### Work item:
Give again, word for word, the line holding "春分,是二十四节气之一,春季" and every line after it through the end of the data below. Omit pictures.

### Stored data:
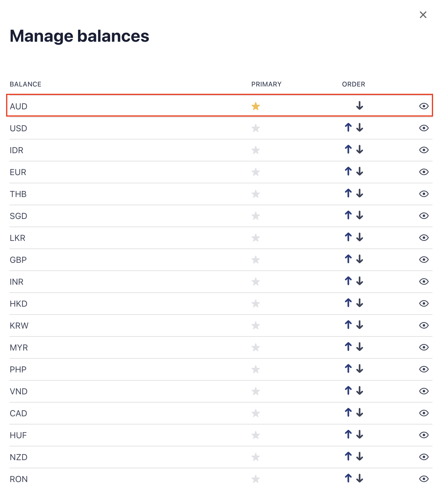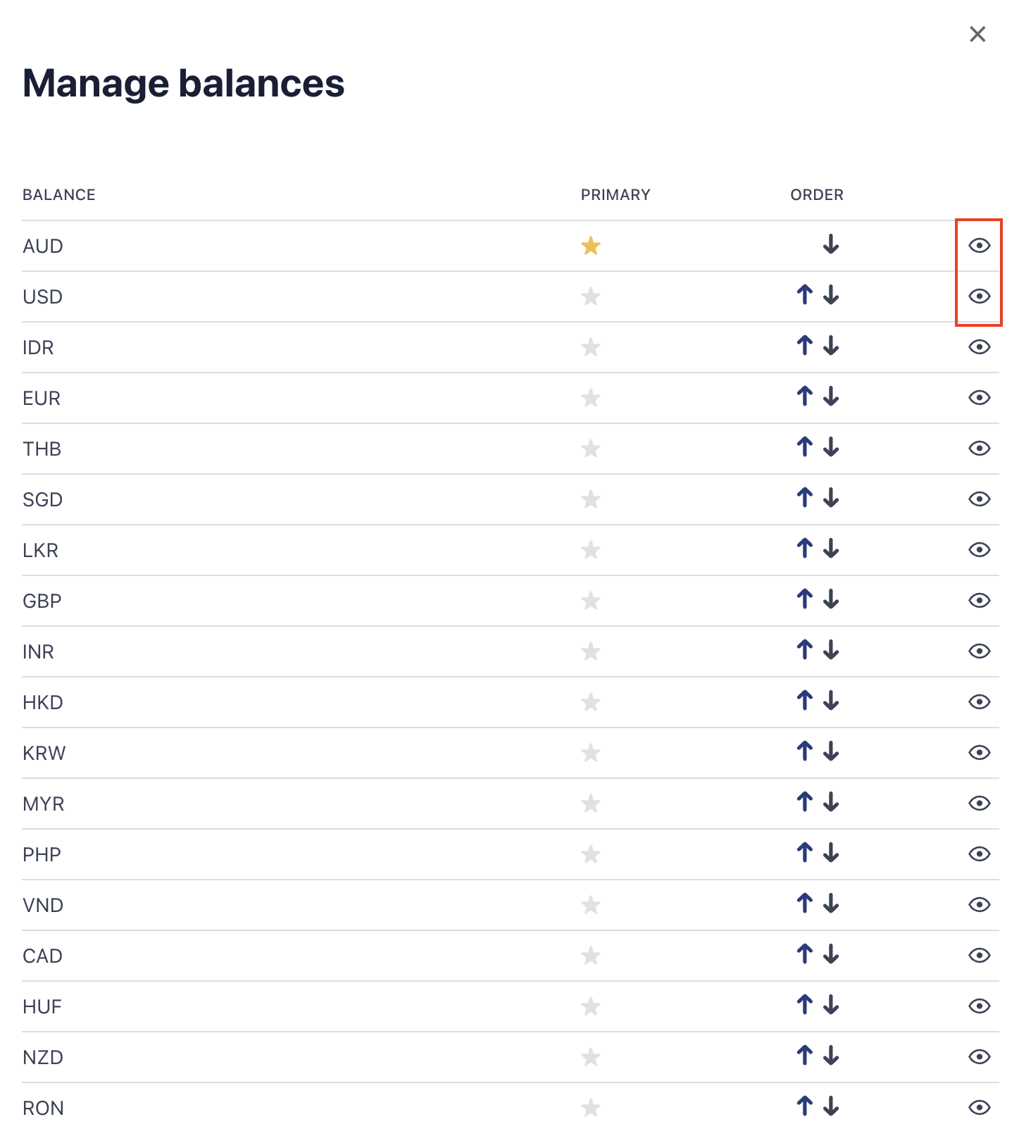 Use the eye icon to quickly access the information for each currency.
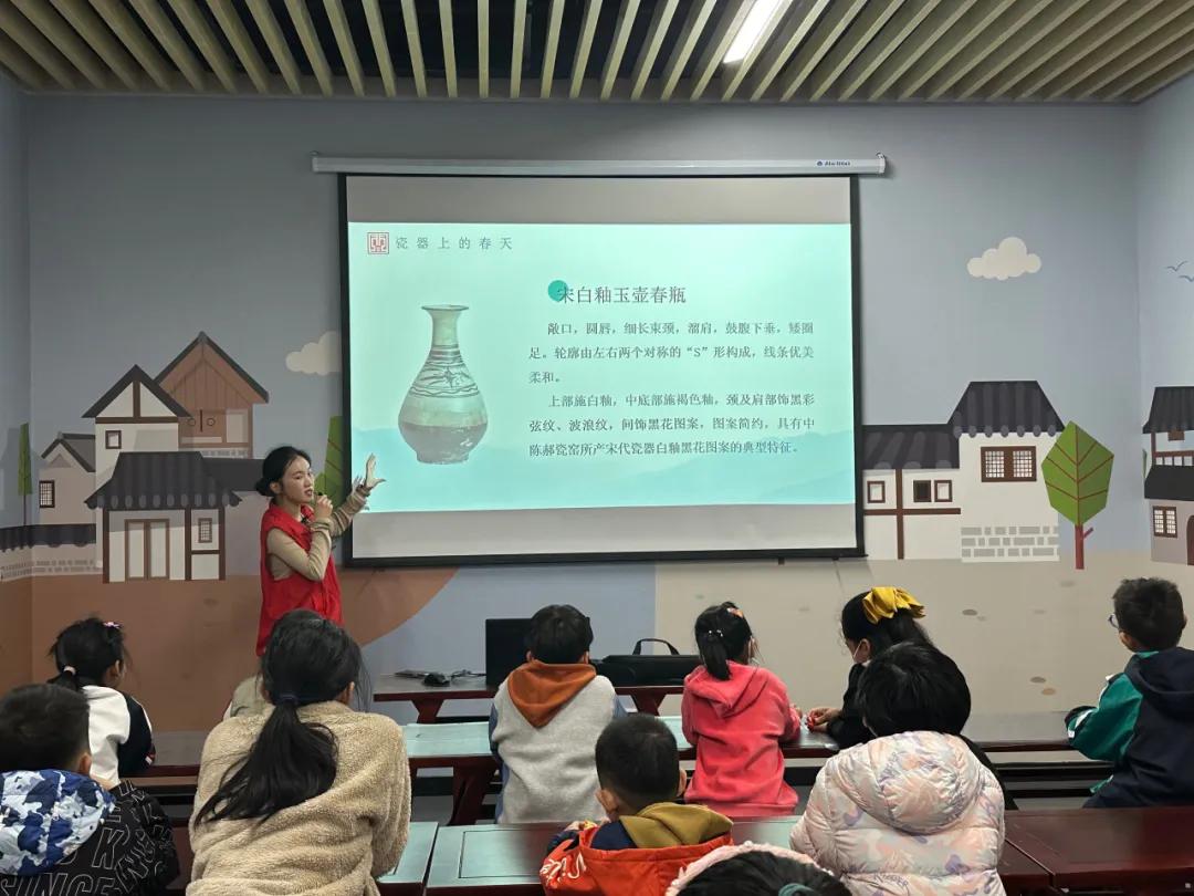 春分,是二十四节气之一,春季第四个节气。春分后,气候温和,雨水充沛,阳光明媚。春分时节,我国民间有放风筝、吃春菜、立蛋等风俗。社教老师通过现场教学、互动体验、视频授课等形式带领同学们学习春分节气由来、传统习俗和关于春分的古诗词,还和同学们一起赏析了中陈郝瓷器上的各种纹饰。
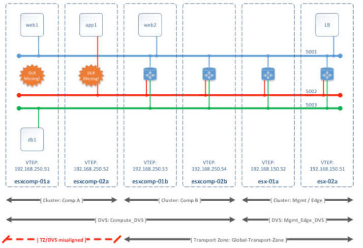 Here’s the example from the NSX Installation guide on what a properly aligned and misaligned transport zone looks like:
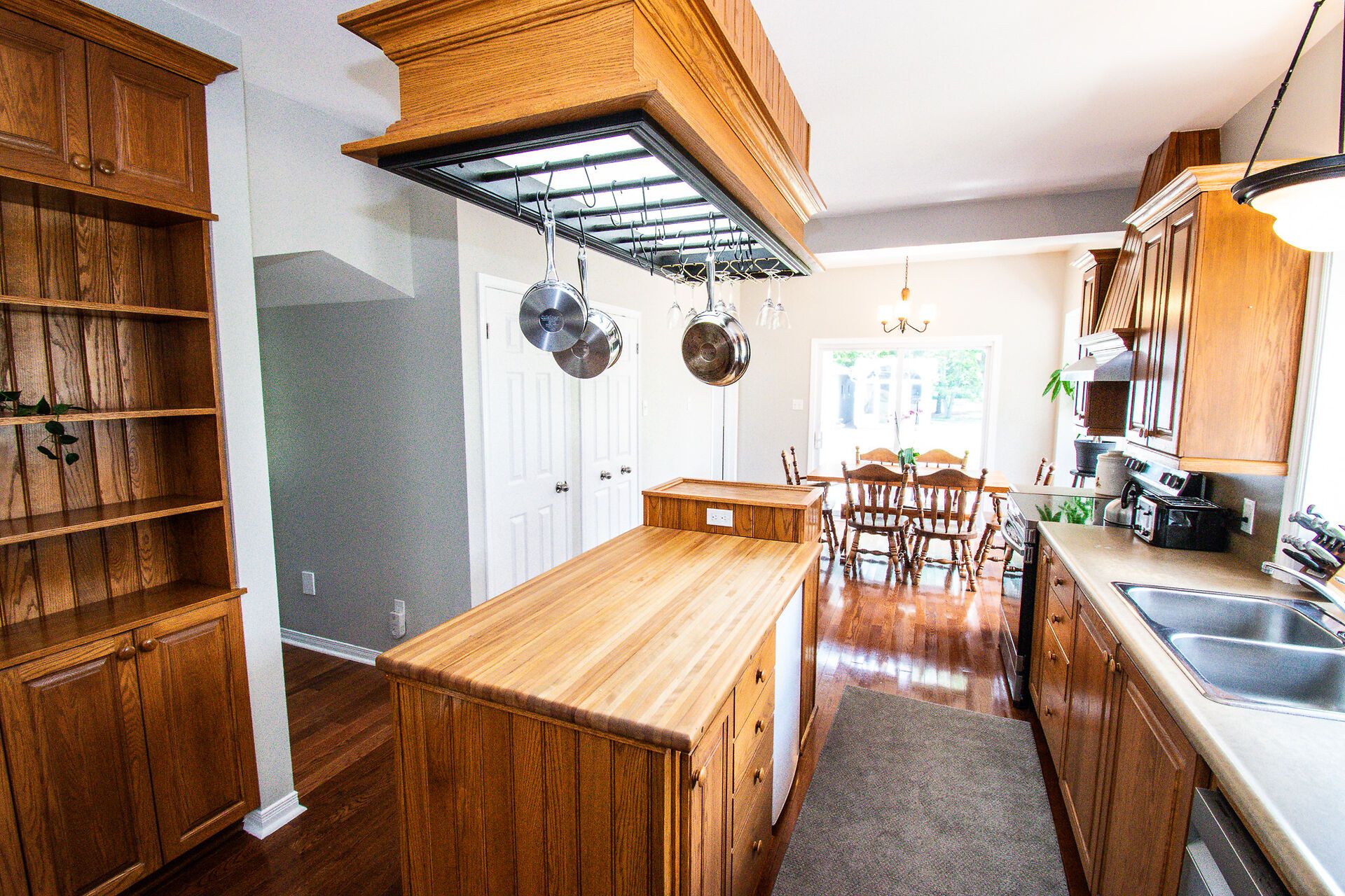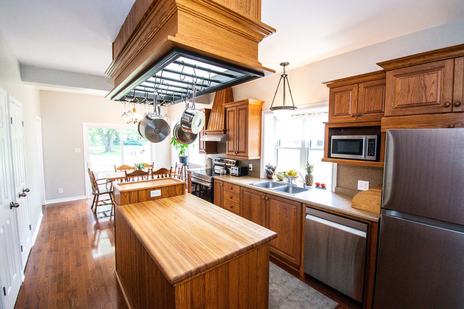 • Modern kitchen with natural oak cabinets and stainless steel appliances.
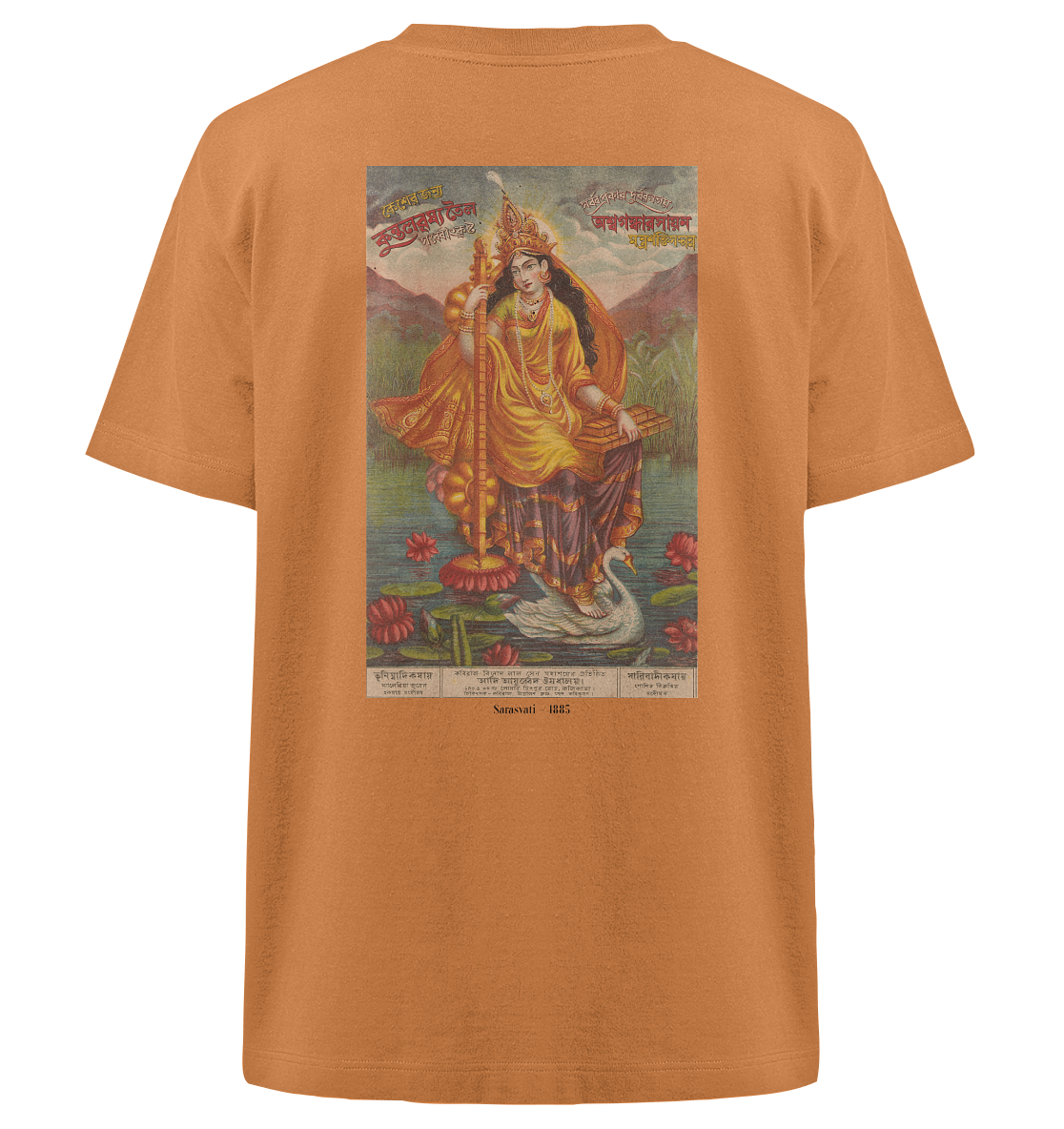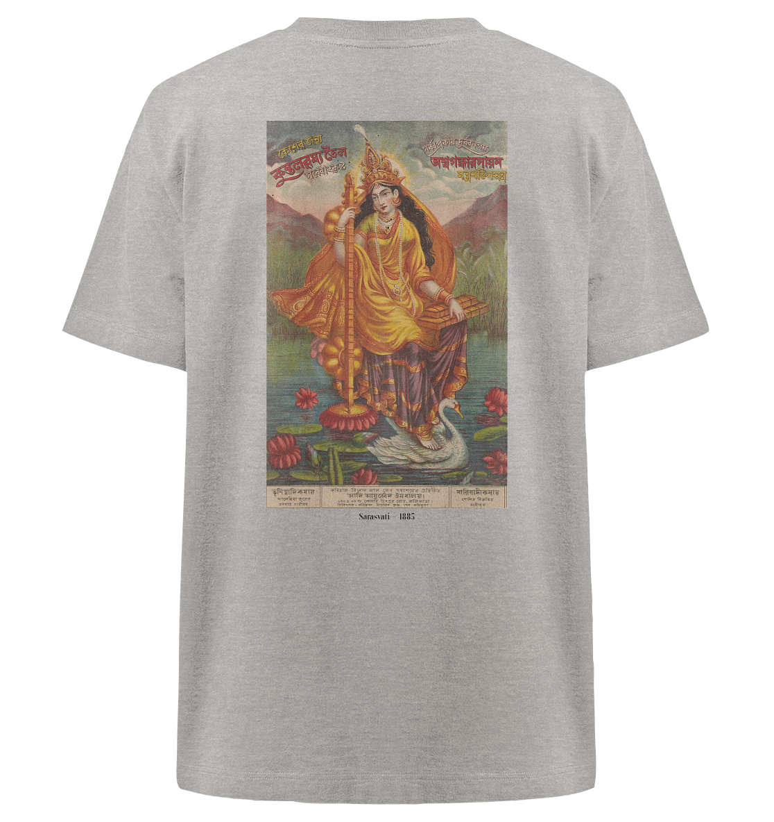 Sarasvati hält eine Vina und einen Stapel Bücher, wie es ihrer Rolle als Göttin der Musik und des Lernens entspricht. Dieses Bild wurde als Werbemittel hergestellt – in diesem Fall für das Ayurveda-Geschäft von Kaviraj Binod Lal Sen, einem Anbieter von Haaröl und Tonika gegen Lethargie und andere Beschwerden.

### Solution for this task:
 春分,是二十四节气之一,春季第四个节气。春分后,气候温和,雨水充沛,阳光明媚。春分时节,我国民间有放风筝、吃春菜、立蛋等风俗。社教老师通过现场教学、互动体验、视频授课等形式带领同学们学习春分节气由来、传统习俗和关于春分的古诗词,还和同学们一起赏析了中陈郝瓷器上的各种纹饰。
 Here’s the example from the NSX Installation guide on what a properly aligned and misaligned transport zone looks like:
 • Modern kitchen with natural oak cabinets and stainless steel appliances.
 Sarasvati hält eine Vina und einen Stapel Bücher, wie es ihrer Rolle als Göttin der Musik und des Lernens entspricht. Dieses Bild wurde als Werbemittel hergestellt – in diesem Fall für das Ayurveda-Geschäft von Kaviraj Binod Lal Sen, einem Anbieter von Haaröl und Tonika gegen Lethargie und andere Beschwerden.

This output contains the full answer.